Por fim, lembremos que os planos da CBA não se restringem à construção da UHE Tijuco Alto. Mais três Usinas seriam construídas.
Miséria social no Vale do Ribeira
As obras gerariam emprego, como afirmam os representantes da CBA. O próprio EIA apresentado pela empresa atesta que seriam gerados 60 empregos fixos que, por suas características técnicas, dificilmente seriam ocupados por moradores do Vale do Ribeira. A empresa afirma que cerca de 1,7 mil vagas seriam geradas para a construção da usina, mas são empregos temporários, além de precários e mal remunerados.
Em vez de desenvolvimento, a UHE Tijuco Alto só causaria mais pobreza e problemas sociais no Vale do Ribeira, uma das regiões mais pobres de SP. A sua população, composta por remanescentes de quilombos, indígenas, caiçaras e populações ribeirinhas, vive sobretudo da agricultura de subsistência. Os seus habitantes não usufruiriam de nenhum watt da energia gerada em Tijuco Alto. Milhares seriam expulsos de suas terras, levados às periferias de cidades onde, além de viver em condições precárias, não teriam como garantir seu sustento trabalhando a terra.
Racismo ambiental
No artigo “Desigualdade, injustiça ambiental e racismo: uma luta que transcende a cor”, Tania Pacheco afirma que “o racismo ambiental não se configura apenas através de ações que tenham uma intenção racista, mas, igualmente, através de ações que tenham impacto racial, não obstante a intenção que tenha lhe dado origem. [...] O conceito de racismo ambiental nos desafia a ampliar nossas visões de mundo e a lutar por um novo paradigma civilizatório, por uma sociedade igualitária e justa, na qual democracia plena e cidadania ativa não sejam direitos de poucos privilegiados, independentemente de cor, origem ou etnia”.

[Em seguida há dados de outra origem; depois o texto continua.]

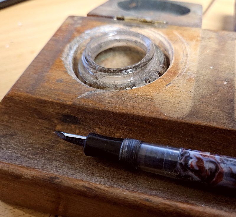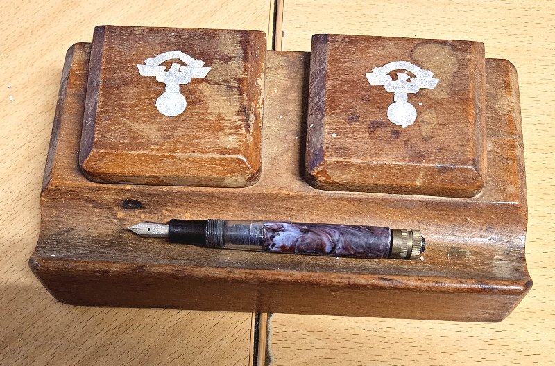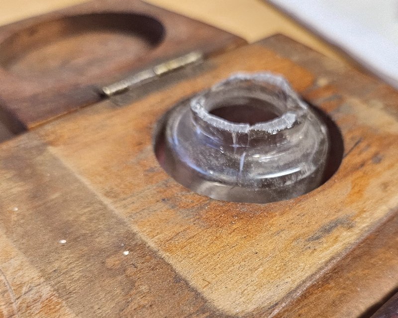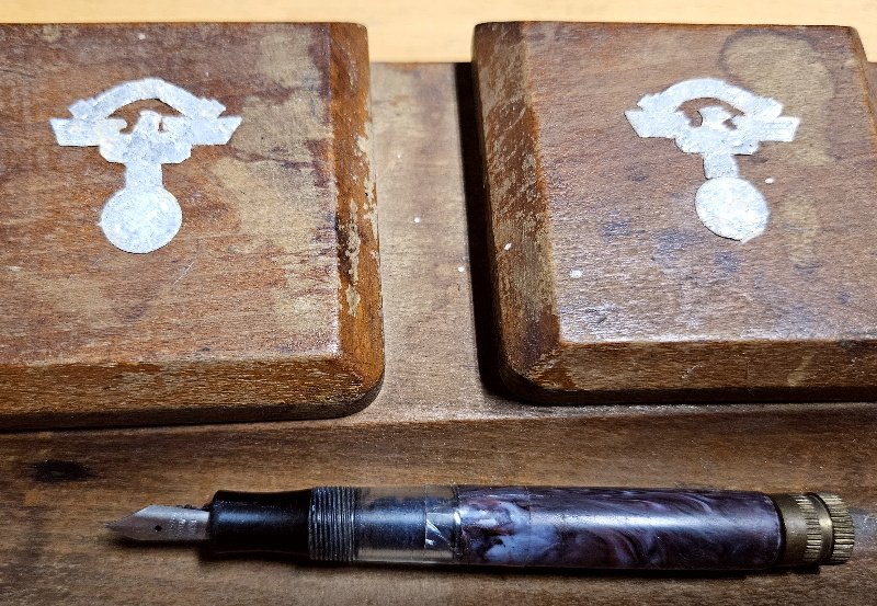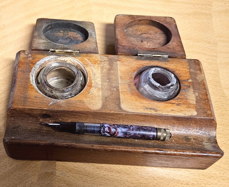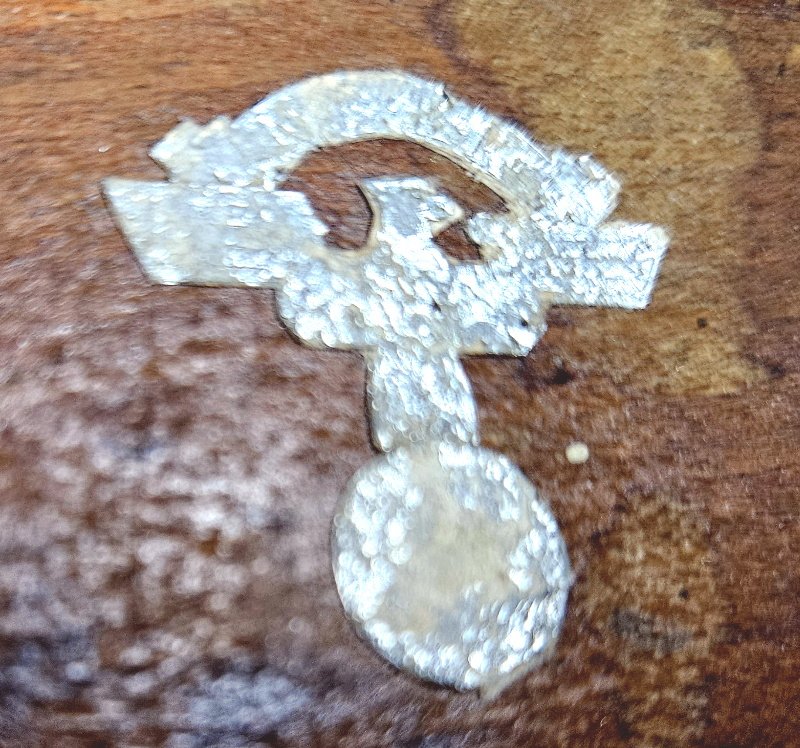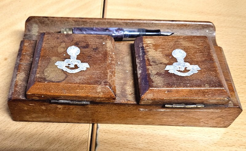 seltenes Stück Zeitgeschiche – komplette Schreibgarnitur des NSKK (Nationalsoz. Kraftfahrer Korbs) eines Offiziers aus dem WK2; ebenfalls ist noch der Tintenschreiber dabei; Das Holz hat keine Sprünge und keine Risse, Deckel leichtgängig und schließen einwandfrei, beide Glaseinsätze ebenfalls dabei; auf den Deckeln jeweils ein aufgelegter dünner Alu Adler des NSKK (wie bei all meinen Gegenständen sind keine verborenen Sybole mehr sichtbar – in diesen Fall durch den Gebrauch sind die verbotenen Symbole komplett vergangen); der Schriftzug NSKK ist noch gut zu lesen; die beiden Auflagen halten auch noch einwandfrei; Momentan noch etwas verschmutzt da noch im Fundzustand; dabei ist auch noch der Tintenschreiber bzw. wurde dieses komplette Set so aufgefunden und ist seit dem komplett unberührt geblieben

O caso da UHE Tijuco Alto enquadra-se perfeitamente nessa definição de racismo ambiental. No Vale estão presentes mais de 50 quilombos, além de tribos indígenas e comunidades ribeirinhas. A construção desta usina e de mais outras três previstas teria como conseqüência a desagregação dessas comunidades tradicionais, e a perda de um patrimônio cultural inestimável.
Serra veta projeto sobre o Ribeira de Iguape
Em junho, foi aprovado um projeto de autoria do deputado estadual Raul Marcelo (Psol-SP) que transforma o rio Ribeira de Iguape em patrimônio histórico, cultural e ambiental de São Paulo. No entanto, o projeto foi vetado pelo governador José Serra. O objetivo do projeto, em primeiro lugar, é a preservação ambiental do rio e, consequentemente, do Vale do Ribeira. Em segundo lugar, a preservação social e cultural das comunidades quilombolas e indígenas da região.
O veto de Serra ainda deverá ser discutido e votado na Assembléia Legislativa. Até lá, é imprescindível realizar uma campanha de pressão sobre os deputados estaduais para derrubar o veto.
Uma campanha nacional
Na última Audiência Pública, realizada na Assembléia Legislativa, decidiu-se pela formação de um Comitê em Defesa do Vale do Ribeira que dará continuidade à luta. Na próxima semana o Comitê estará se reunindo para definir os próximos passos.
Acreditamos que, com ampla divulgação e mobilização, é possível impor uma derrota a Antonio Ermírio de Moraes e evitar que a catástrofe seja consumada. Para isso é fundamental que todas as entidades participem desta luta, ajudando a divulgá-la da maneira mais ampla possível.